### Required work:
Your task is to repeat the entries exactly. Leave the pictures out.

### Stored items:
┏━━

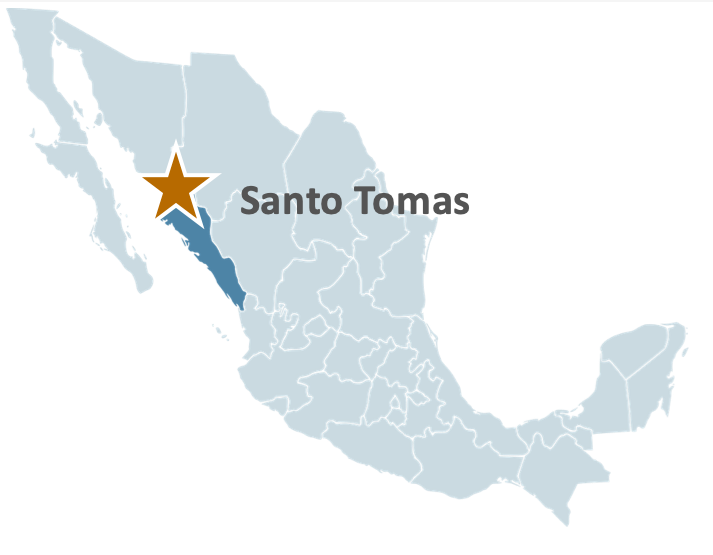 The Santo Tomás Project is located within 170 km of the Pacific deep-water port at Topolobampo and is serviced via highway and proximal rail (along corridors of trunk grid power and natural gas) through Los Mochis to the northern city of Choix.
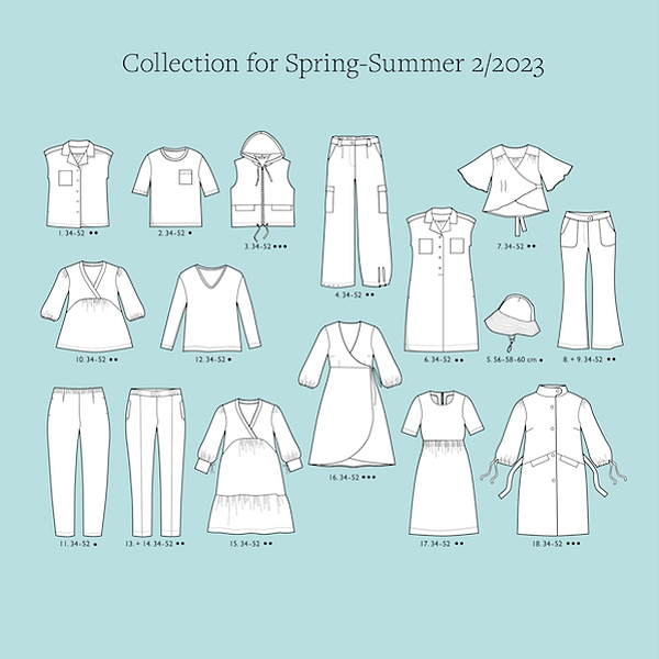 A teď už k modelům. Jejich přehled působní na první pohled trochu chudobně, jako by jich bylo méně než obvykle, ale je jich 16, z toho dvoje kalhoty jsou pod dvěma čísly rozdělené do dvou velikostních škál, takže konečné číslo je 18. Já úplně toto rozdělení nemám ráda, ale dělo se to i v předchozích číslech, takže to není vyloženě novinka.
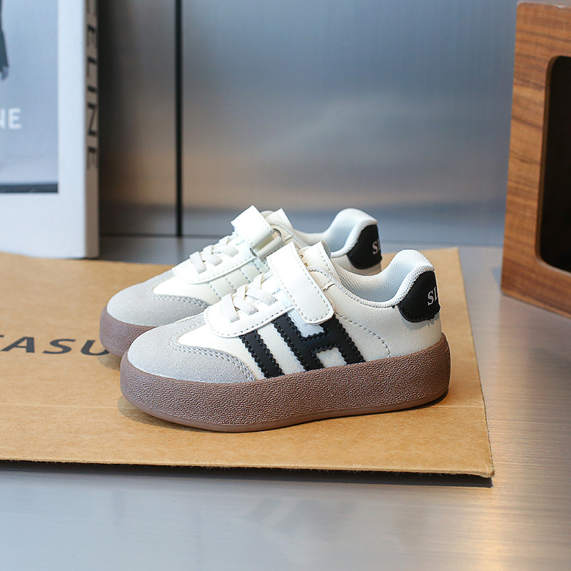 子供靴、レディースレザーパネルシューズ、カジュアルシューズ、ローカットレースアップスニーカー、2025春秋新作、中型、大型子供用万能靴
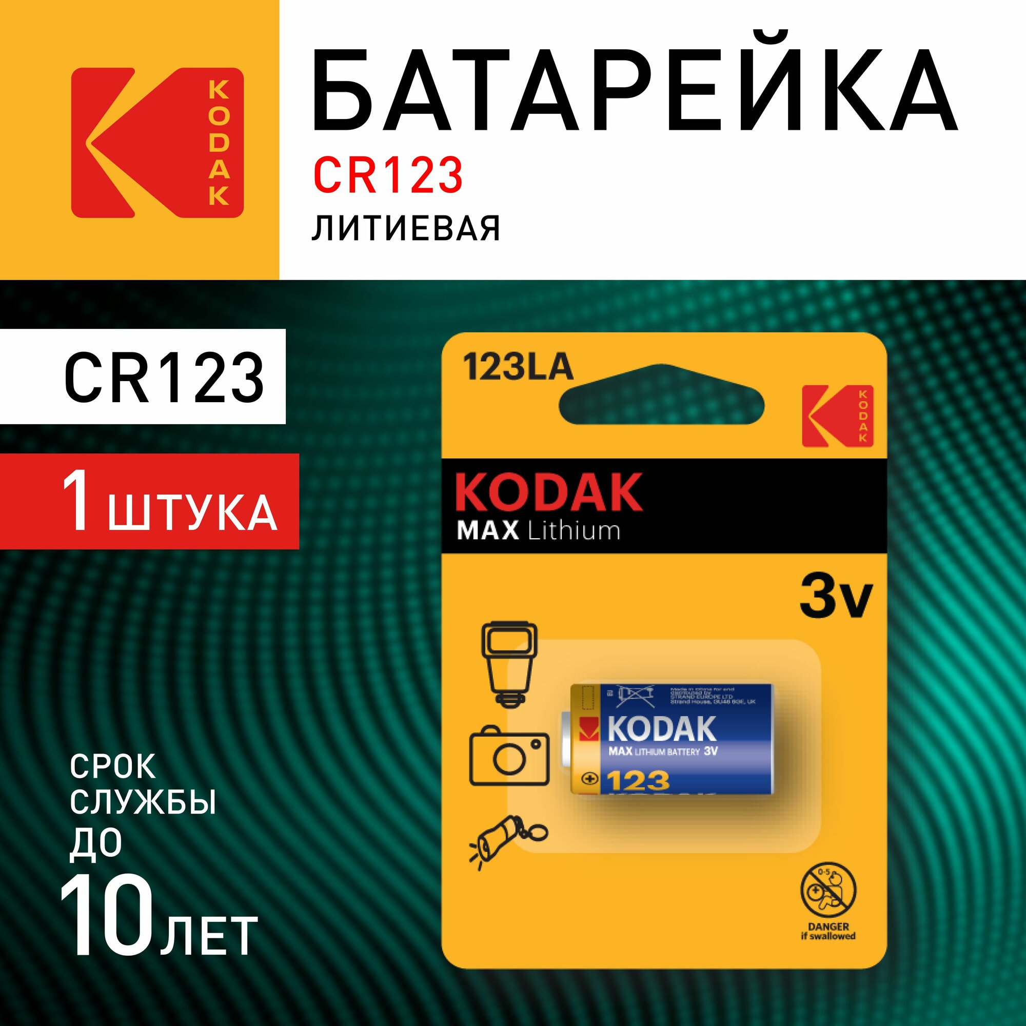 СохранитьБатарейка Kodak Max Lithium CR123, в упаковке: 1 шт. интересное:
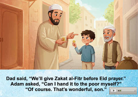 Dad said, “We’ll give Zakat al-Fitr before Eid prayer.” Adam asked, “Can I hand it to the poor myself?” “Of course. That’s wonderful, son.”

┗━━

### Task output:
 The Santo Tomás Project is located within 170 km of the Pacific deep-water port at Topolobampo and is serviced via highway and proximal rail (along corridors of trunk grid power and natural gas) through Los Mochis to the northern city of Choix.
 A teď už k modelům. Jejich přehled působní na první pohled trochu chudobně, jako by jich bylo méně než obvykle, ale je jich 16, z toho dvoje kalhoty jsou pod dvěma čísly rozdělené do dvou velikostních škál, takže konečné číslo je 18. Já úplně toto rozdělení nemám ráda, ale dělo se to i v předchozích číslech, takže to není vyloženě novinka.
 子供靴、レディースレザーパネルシューズ、カジュアルシューズ、ローカットレースアップスニーカー、2025春秋新作、中型、大型子供用万能靴
 СохранитьБатарейка Kodak Max Lithium CR123, в упаковке: 1 шт. интересное:
 Dad said, “We’ll give Zakat al-Fitr before Eid prayer.” Adam asked, “Can I hand it to the poor myself?” “Of course. That’s wonderful, son.”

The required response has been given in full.